▶ [Brief]
Repeat exactly what runs from the line with "Найден серый пушистый" through the last line of the material, and keep the pictures out of it.

▶ [Collected data]
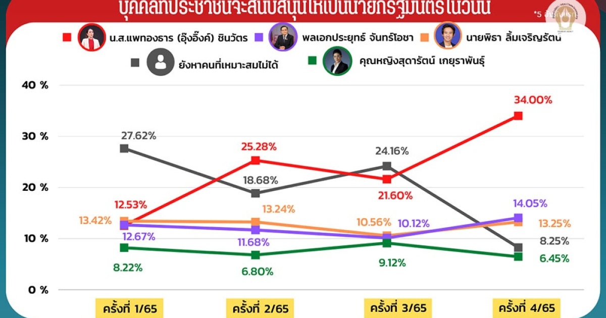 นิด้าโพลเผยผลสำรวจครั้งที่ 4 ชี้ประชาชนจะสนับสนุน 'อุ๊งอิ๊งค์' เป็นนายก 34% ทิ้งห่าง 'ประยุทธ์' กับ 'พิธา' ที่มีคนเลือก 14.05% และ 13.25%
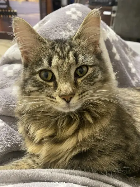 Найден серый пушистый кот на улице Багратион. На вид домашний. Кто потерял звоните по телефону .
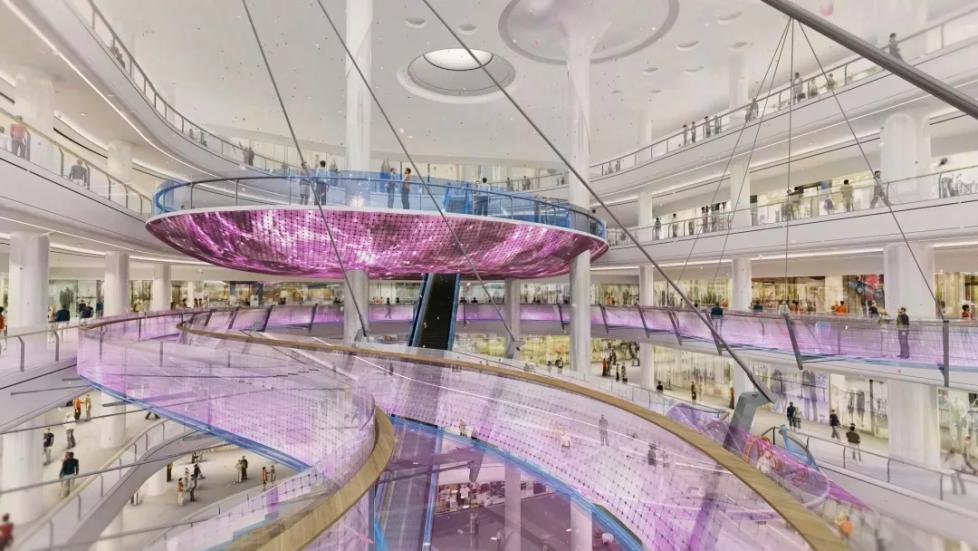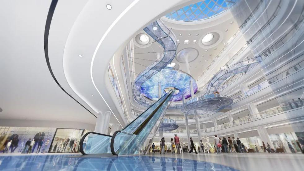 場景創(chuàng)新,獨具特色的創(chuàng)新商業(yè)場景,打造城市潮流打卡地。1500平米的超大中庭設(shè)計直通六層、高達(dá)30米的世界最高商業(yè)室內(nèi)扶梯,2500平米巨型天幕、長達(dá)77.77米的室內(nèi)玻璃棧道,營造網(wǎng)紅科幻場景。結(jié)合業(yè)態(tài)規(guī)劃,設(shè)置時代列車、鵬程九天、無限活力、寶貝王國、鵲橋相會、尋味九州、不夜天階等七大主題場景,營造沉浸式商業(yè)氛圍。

▶ [Answer space]
 Найден серый пушистый кот на улице Багратион. На вид домашний. Кто потерял звоните по телефону .
 場景創(chuàng)新,獨具特色的創(chuàng)新商業(yè)場景,打造城市潮流打卡地。1500平米的超大中庭設(shè)計直通六層、高達(dá)30米的世界最高商業(yè)室內(nèi)扶梯,2500平米巨型天幕、長達(dá)77.77米的室內(nèi)玻璃棧道,營造網(wǎng)紅科幻場景。結(jié)合業(yè)態(tài)規(guī)劃,設(shè)置時代列車、鵬程九天、無限活力、寶貝王國、鵲橋相會、尋味九州、不夜天階等七大主題場景,營造沉浸式商業(yè)氛圍。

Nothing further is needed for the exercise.